» **TASK OBJECTIVE**
Your copy runs from the line containing "PEaCE: A Chemistry-Oriented" through the last line of the listing, both included. Restate those lines word for word and leave out pictures.

» **RAW DATA**
*** Begin section ***
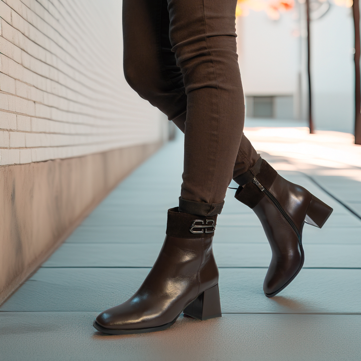 Te brązowe botki ze skóry licowej to połączenie elegancji i wygody w najlepszym wydaniu. Ich minimalistyczny design oraz subtelny połysk sprawiają, że będą doskonałym uzupełnieniem wielu stylizacji – od codziennych po bardziej formalne. Dzięki polskiej produkcji i innowacyjnemu systemowi Soft Step, zapewniają nie tylko stylowy wygląd, ale także wyjątkowy komfort noszenia przez cały dzień.
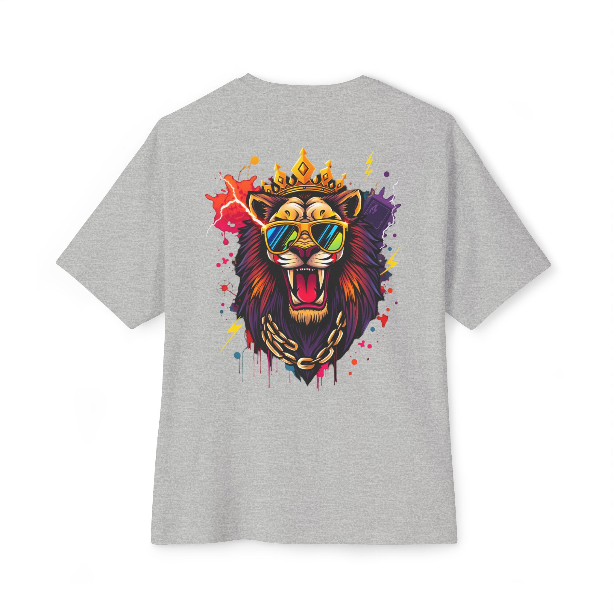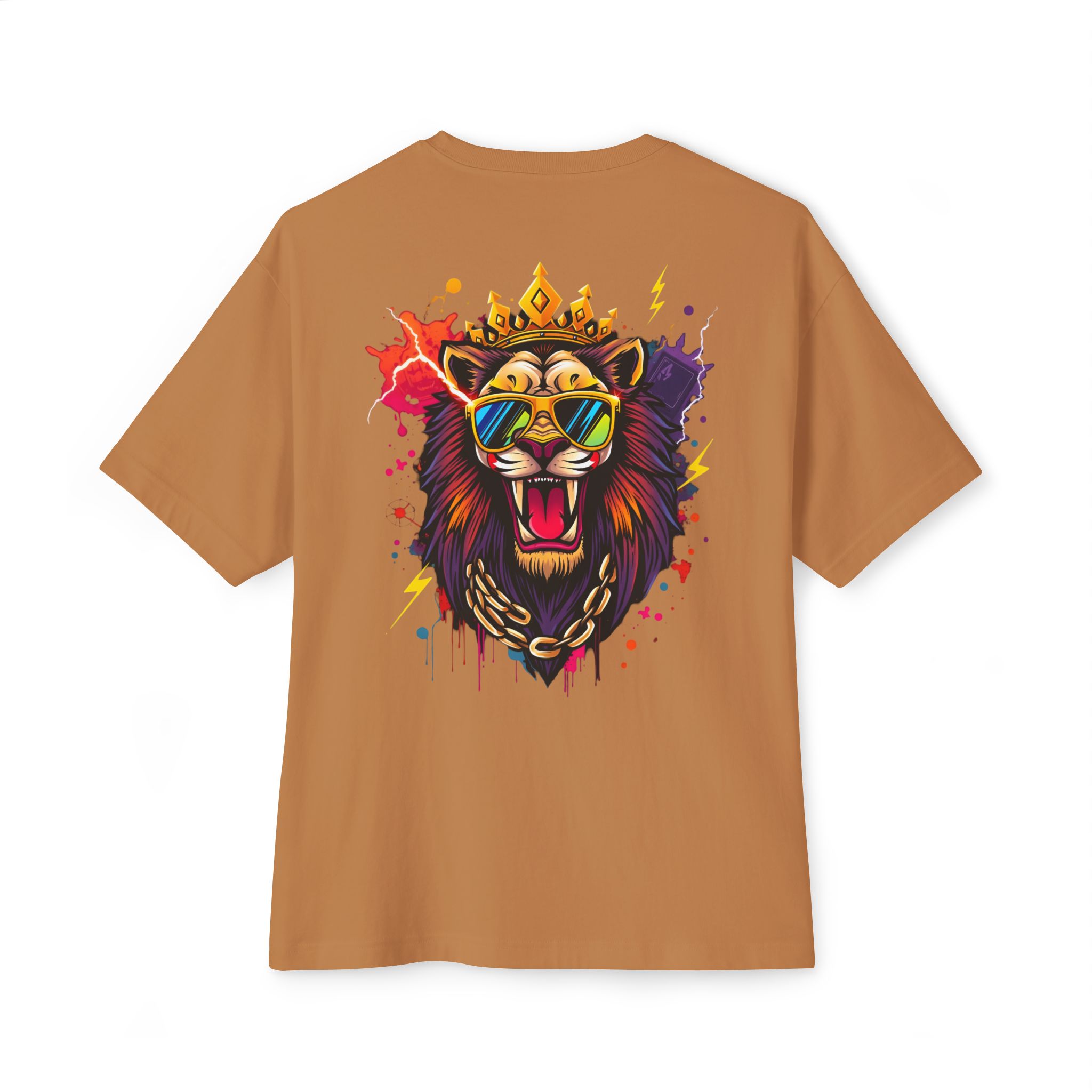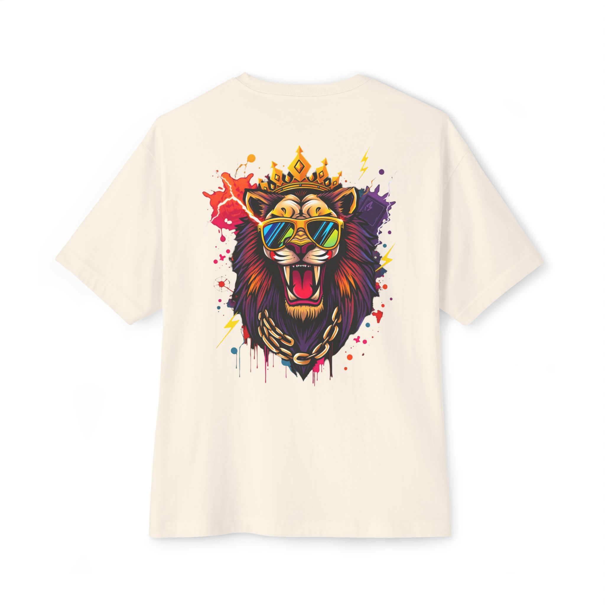 The lion graphic is optimized for high-contrast printing and scales well across thumbnails and hero images. For large-format boxy tees, use DTG or DTF depending on blank and production partner — test prints for soft-hand feel and color fidelity. Avoid over-saturating ink on vintage-washed or pigment-dyed blanks so the fabric hand remains soft.
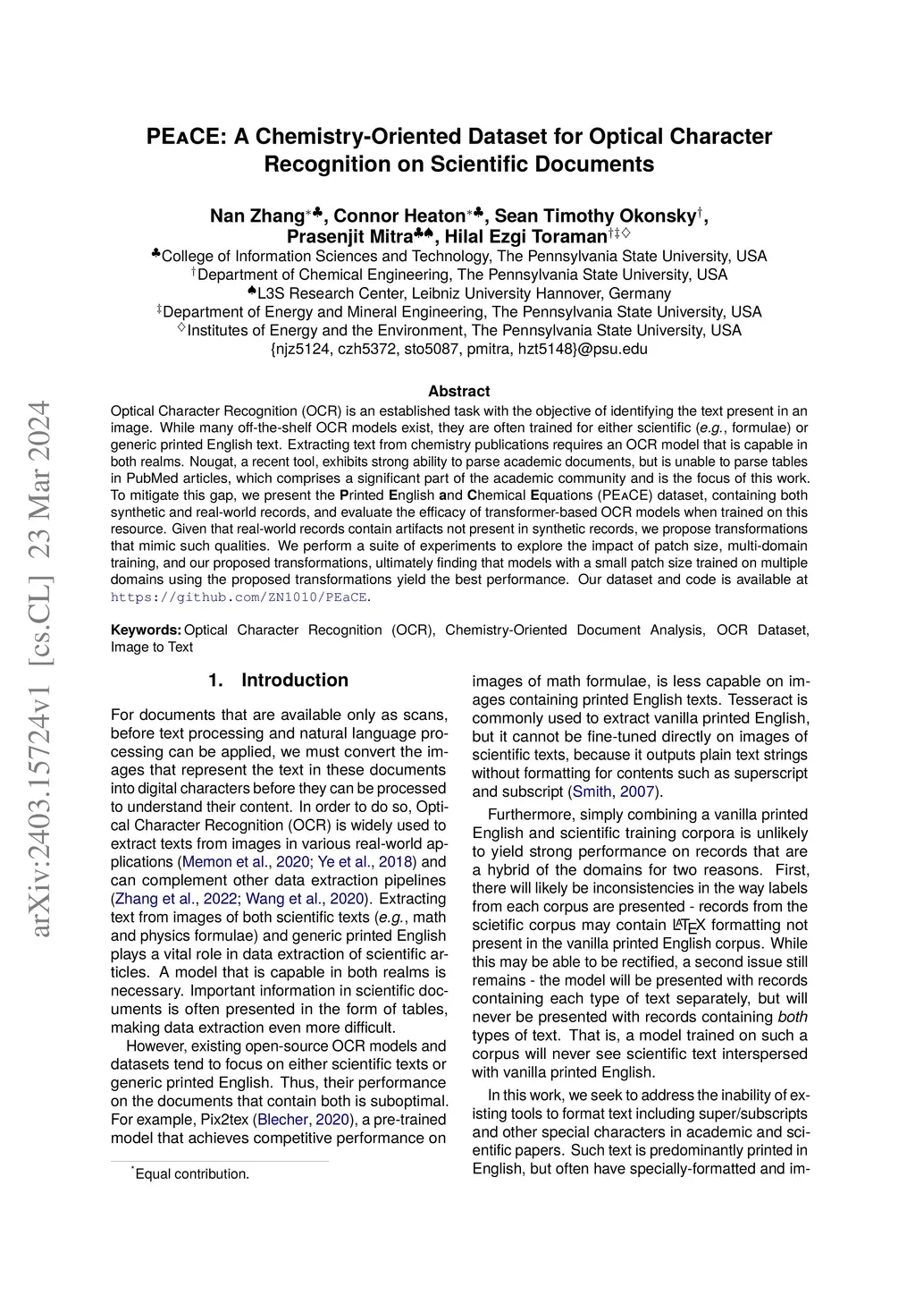 PEaCE: A Chemistry-Oriented Dataset for Optical Character Recognition on
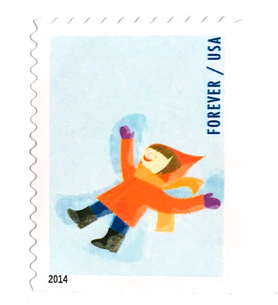 5 Snow Angel Forever Stamps // Child Playing in Snow // Christmas Snow Angel Winter Holiday Forever Stamps for Mailing
*** End section ***
» **RESPONSE TO THIS EXERCISE**
 PEaCE: A Chemistry-Oriented Dataset for Optical Character Recognition on
 5 Snow Angel Forever Stamps // Child Playing in Snow // Christmas Snow Angel Winter Holiday Forever Stamps for Mailing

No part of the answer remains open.